Souvenir d'un brame
Écrit par Renaud Tiquet   
Lundi, 22 Février 2010 22:14

Le jour se lève. Il fait assez doux et une légère brise me force toutefois à porter une épaisseur.Les couleurs commencent à se prononcer à l'horizon. Nous sommes le 13 Octobre 2009. Il est 9h00 du matin.


Je parcours un sentier de graviers et, n’ayant pas la moindre idée où je vais, je sais juste que les lieux sont propices au brame.

L'oreille attentive, j'emprunte un coupe feu dans une zone pourvue de miradors. Je scrute le sol et j'aperçois des traces de gibier : du cervidé plus précisément.

 

Toujours l'oreille tendue, je continue sur ces traces. A ma droite, une jolie panoplie d'amanites ;  j'en profite pour prendre quelques clichés. Le gel n'ayant pas encore montré le bout de son nez, les champignons continuent leur prolifération. Je poursuis en montée - l'accès est pentu – et bottes embouées, je me bats pour en sortir.

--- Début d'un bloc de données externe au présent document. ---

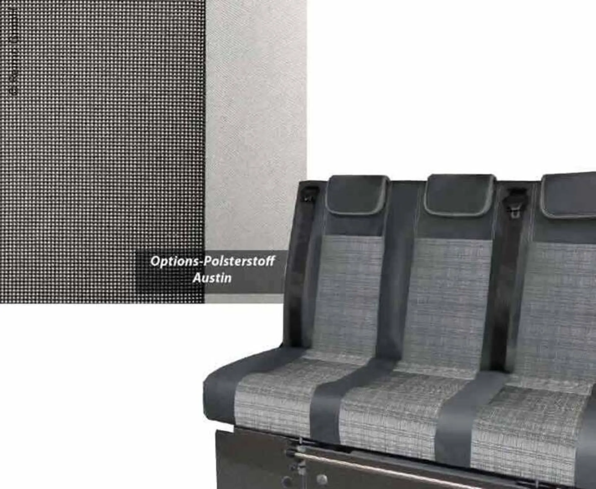 banquette-lit pour 3 personnes VW T6. Weekender Pus V3000 taille 14 déplaçable et amovible, distance entre les rails 826 mm. Banquette-lit avec support Isofix pour 2 sièges enfants.
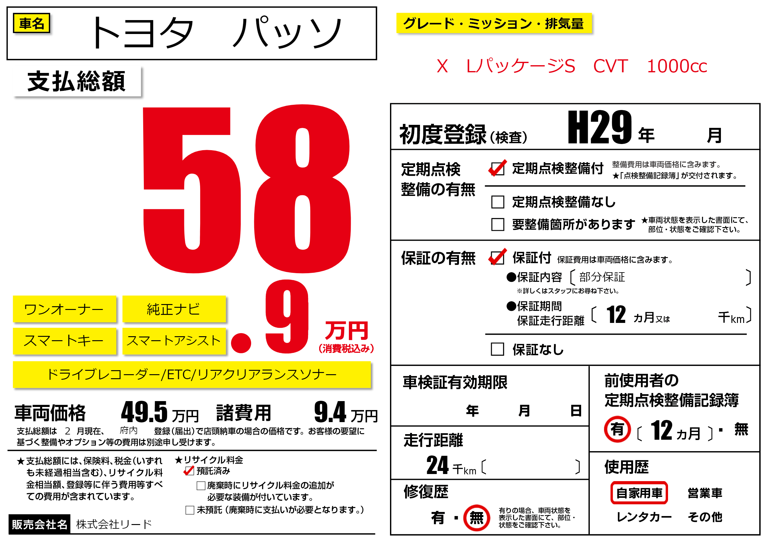 | 車名 | トヨタ パッソ | グレード ミッション 排気量 |

J'arrive à une clairière. J'y perçois un son en la traversant, qui ressemble à un brame, mais je reste perplexe à l'idée que cela pourrait être un beugle au loin (un cri de la vache qui y ressemble fortement). Je reste sur mes gardes et j'avance au travers de la tourbe et des hautes herbes brunes claires. Entre bosses et fosses, je me fraie un chemin truffé de pièges. Je parviens à me poser sur un vieux tronc sec et défraichi. Une élévation judicieuse. Un point de vue imprenable.

En face de moi, une paire de bois de cerf se démarque du décor. Je pointe mon appareil photo dans sa direction. La bête est un peu loin mais l'opportunité de faire une belle image dans son élément me fait déclencher.

 

 

Un brame retentit qui ne provient pas du cerf que je fige ; il vient de droite ; les buissons s'affolent. Un combat a lieu!

Je ne les vois pas mais reste tout de même posté sur mon tronc. En cette période de frénésie sexuelle, les cervidés peuvent montrer une certaine agressivité dans leur comportement vis-à-vis de l'homme.

L'un d'eux sort des buissons au galop ; j'attends la pose pour photographier. C'est un magnifique 18 cors, assez rare dans la région. Je jubile.

Il est là, pas loin. Il est énorme. Je savoure la rencontre. Je sais que je fais face à une bête exceptionnelle. Quelques minutes plus tard, il continuera son chemin pour disparaître dans les épicéas en face.

Je reste encore quelques instants pour me remettre de ce tête à tête et prends tout doucement le chemin du retour, l'esprit et l'appareil comblés.

Deux jours plus tard, je montre les photos de ce 18 cors à Franck Renard, qui est garde forestier de la région de Spa et photographe naturaliste renommé (http://www.franckrenard.com).

Son œil expert m'apprend qu'il s’agit de Robert, un cerf classé rouge et protégé par la ligue de la chasse de Belgique. Il m'annonce qu'il a été tiré le lendemain de mes photos, certainement un chasseur qui n'a pas pris assez de temps pour observer sa cible avant le tir. Je n'ai rien contre les chasseurs, mais je n'ai rien pour.

 

 

Sur ces derniers clichés de Robert, - "en sa mémoire" - je vous souhaite de bonnes balades et de jolies rencontres.